Chunking is controlled by the $chunk-include and $chunk-exclude parameters. These parameters are both strings that must contain an XPath expression.

For each node in the document, the $chunk-include parameter is evaluated. If it does not return an empty sequence, the element is considered a chunking candidate. In this case, the $chunk-exclude parameter is evaluated. If the exclude expression does return an empty sequence, then the element identified becomes a chunk. (If the exclude expression returns a non-empty value, the element will not become a chunk.)

4.2 Lengths and units

Lengths appear in the context of images (width and height) and tables (column widths). Several different units of length are possible: absolute lengths (e.g., 3in), relative lengths (e.g., 3*), and percentages (e.g., 25%). In some contexts, these can be combined: a column width of “3*+0.5in” should have a width equal to 3 times the relative width plus ½ inch.

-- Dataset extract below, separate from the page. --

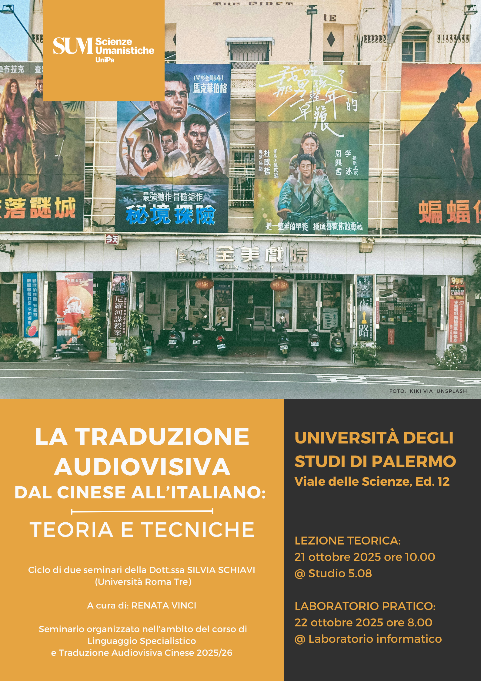 Si comunica che il 6 ottobre inizieranno le lezioni relative all'attività didattica integrativa ADI dell'insegnamento di Lingua, linguistica e traduzione cinese per il CdS magistrale Lingue moderne e traduzione per le relazioni internazionali Le lezioni dell'ADI saranno svolte dalla dott.ssa Stefania Profita e si svolgeranno il lunedì dalle 16 alle 18 in aula 109 Complesso Sant'Antonino e il giovedì dalle 17 alle 19 in aula C edificio 12 Viale delle Scienze.

In practice, some of the more complicated forms in TR 9502:1995 have no direct mapping to the units available in HTML and CSS. The stylesheets attempt to specify a mapping that’s close. Broadly, they take the nominal width of the table ($nominal-page-width, subtract out the fixed widths, divide up the remaining widths proportionally among the relative widths, and compute final widths. The final widths can be expressed either in absolute terms or as percentages.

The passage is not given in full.